* PROVIDED MATERIAL *

....

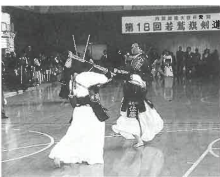
手に汗にぎる白熱した攻防

優勝盾が寄贈されました。盾は、中央の若鷲をあしらったプロンズ製のレリーフが印象的な立派なものです。
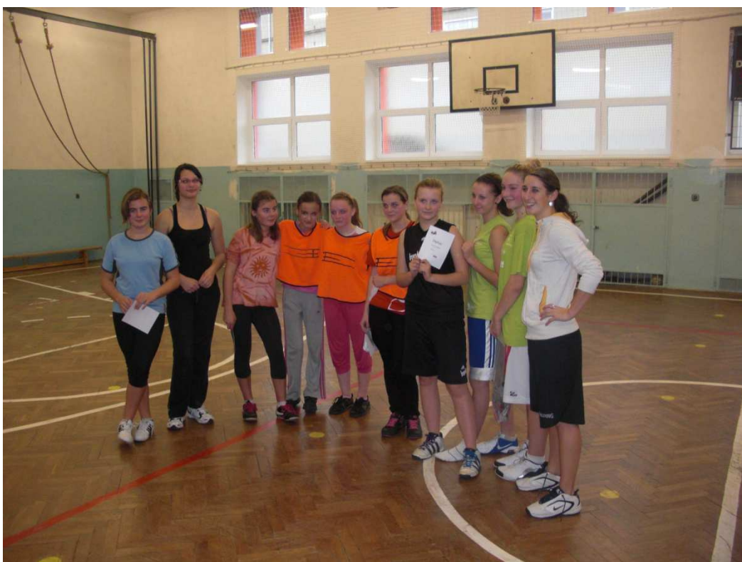
Obrázek 9 - závěrečné fotografie dívky

....

* WHAT THE TASK REQUIRES *
Across the whole listing above, repeat each line exactly and leave out the images.

* SOLUTION *
手に汗にぎる白熱した攻防

優勝盾が寄贈されました。盾は、中央の若鷲をあしらったプロンズ製のレリーフが印象的な立派なものです。
Obrázek 9 - závěrečné fotografie dívky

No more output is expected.